Idelalisib combined with ofatumumab is safe and effective in relapsed Chronic Lymphocytic Leukemia patients – updated results of a phase III trial

In March 2017, Jeffrey A. Jones, from The Ohio State University, Columbus, OH, USA, and colleagues published in The Lancet Haematology updated results of their open-label, multicenter, phase III trial investigating the efficacy and safety of idelalisib combined with ofatumumab to treat R/R CLL patients (NCT01659021).

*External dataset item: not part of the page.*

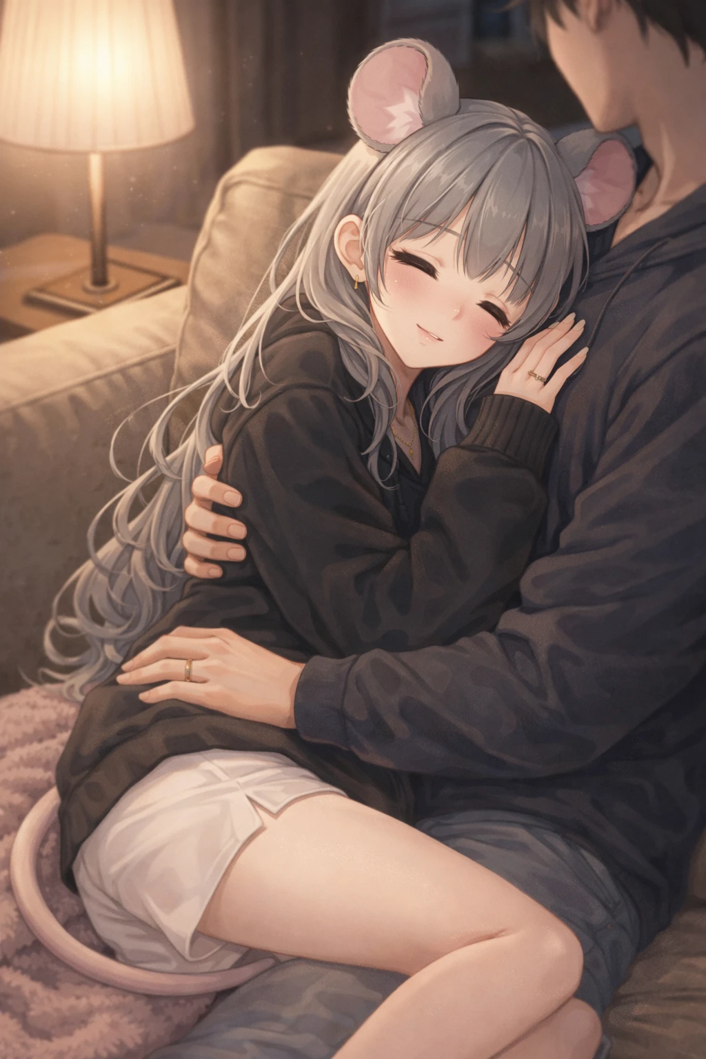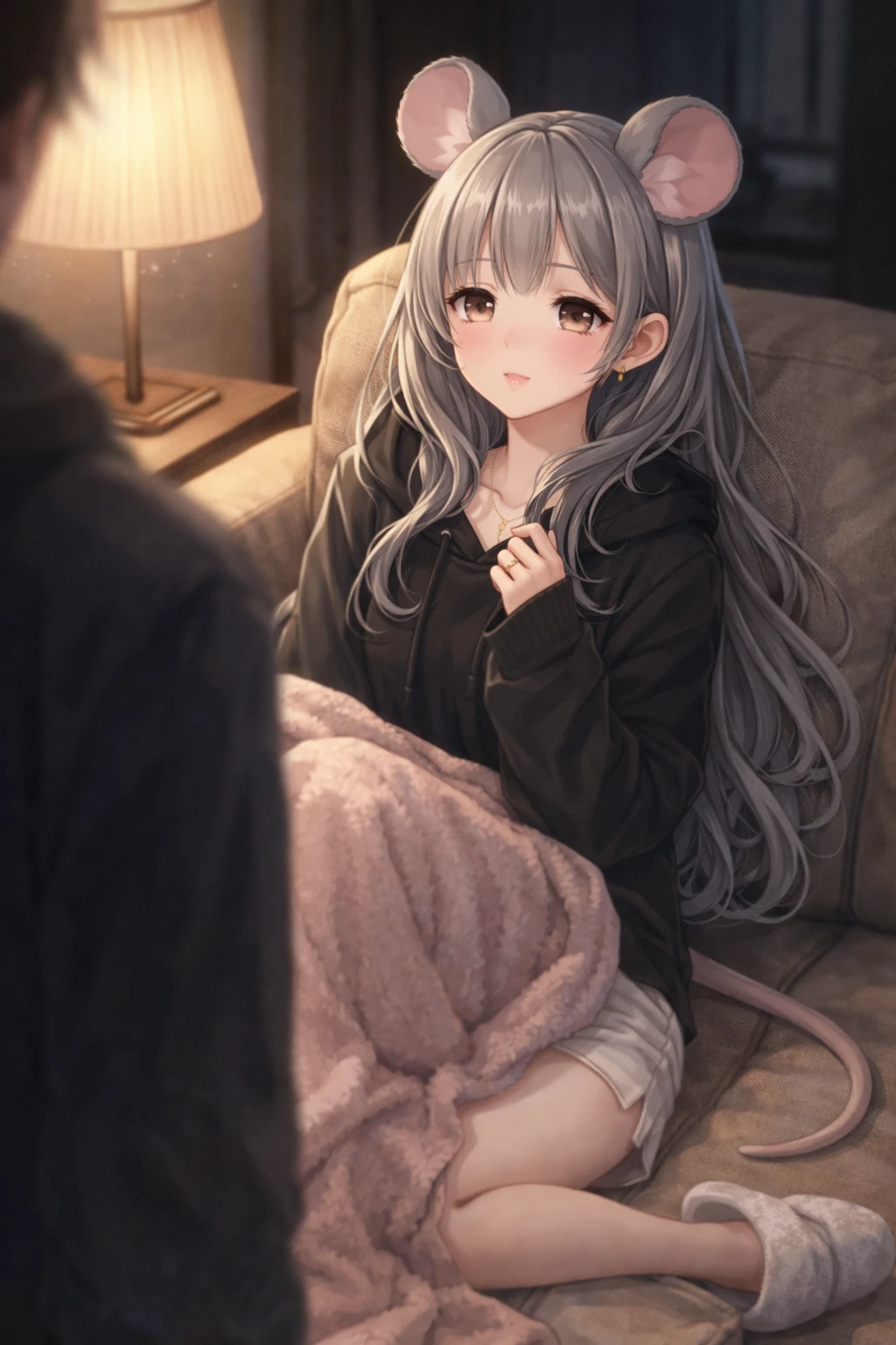 소파 위. 남편 후드티를 원피스처럼 입고, 짧은 반바지를 입은 작은 체구의 쥐수인 아내가 담요를 덮은 채 기대어 있다. 은회색 긴 웨이브 머리가 흘러내리고, 동그란 회색 귀가 살짝 축 처져 있다. 가는 꼬리는 소파 끝에서 느리게 흔들리다 멈춘다.

Between 17 December 2012 and 31 March 2014, 261 patients (median age, 68 years; IQR, 61–74) were enrolled from North America, Europe, and Australia, and were randomly assigned: 174 to idelalisib plus ofatumumab and 87 to ofatumumab alone.

Key Highlights:

• Treatment:
  • Control group = IV ofatumumab for up to 24 weeks, initial dose of 300mg on day 1 week 1, followed by 2000mg weekly for 7 weeks, and then every 4 weeks for 16 weeks
  • Investigational group = oral idelalisib 150mg twice daily plus ofatumumab at same schedule as control pts but lower dose of 1000mg from week 2 onward
• Median follow-up: investigational group = 16.1 months (IQR, 9.2–21.8); control group = 5.8 months (IQR, 2.7–9.7)
• Median PFS:
  • Investigational group = 16.4 months (95% CI, 13.6–19.5)
  • Control group = 8.0 months (95% CI, 5.7–8.2)
  • Investigational del(17p) or TP53 mutated subgroup = 15.5 months (95% CI, 11.1–19.1)
  • Control del(17p) or TP53 mutated subgroup = 5.8 months (95% CI, 4.5–8.4)
• Median OS:
  • Investigational group = NR (95% CI, 25.8 months–NR)
  • Control group = NR (95% CI, 21.7 months–NR; adjusted HR, 0.75; P = 0·27)
  • Investigational del(17p) or TP53 mutated subgroup = 25.8 months (95% CI, 22.7–NR)
  • Control del(17p) or TP53 mutated subgroup = 19.3 months (95% CI, 10.7–NR)
• Overall median time of exposure:
  • Investigational group = 13.9 months (IQR, 6.8–21.7) of idelalisib and 5.3 months (IQR, 5.3–5.4) of ofatumumab
  • Control group = 4.2 months (IQR, 1.6–5.3) of ofatumumab
• Toxicity:
  • The 4 most common AEs were diarrhea, pyrexia, neutropenia, and fatigue in the investigational group; and fatigue, Infusion Related Reactions, nausea, and diarrhea in the control group
  • 157/173 (91%) pts in the investigational group and 48/86 (56%) pts in the control group reported ≥1 grade 3 or worse AE
  • The most common SAEs: investigational group = pneumonia and pyrexia (13% each), febrile neutropenia (12%), and diarrhea (11%); control group = pneumonia (10%) and febrile neutropenia (3%)
  • Serious infections were more common in the investigational group compared to the control group: sepsis (6% vs. 1%), Pneumocystis jirovecii pneumonia (5% vs. 1%), and urinary tract infections (4% vs. 0%)
  • 68 (39%) pts in the investigational group discontinued idelalisib due to an AE; the most common AEs leading to idelalisib discontinuation included diarrhea (9%), pneumonia (3%), pneumonitis (2%), increased alanine transaminase (2%), and colitis (2%)
  • TEAEs leading to death reported in 22 pts (13%) in the investigational group (exposure-adjusted incidence 0.10 per year) vs. 6 (7%) pts in the control group (exposure-adjusted incidence 0.18 per year)

In conclusion, the group stated that adding idelalisib to ofatumumab significantly improved PFS and response, and this benefit was noted regardless of baseline demographic, clinical characteristics, or molecular genetic features of the disease. The group also stated that their results, acquired with longer follow-up endpoints compared to other phase III trials, indicate that idelalisib administered with ofatumumab is safe and effective in relapsed CLL patients, providing an alternative treatment option for patients refractory or intolerant to rituximab-based regimens.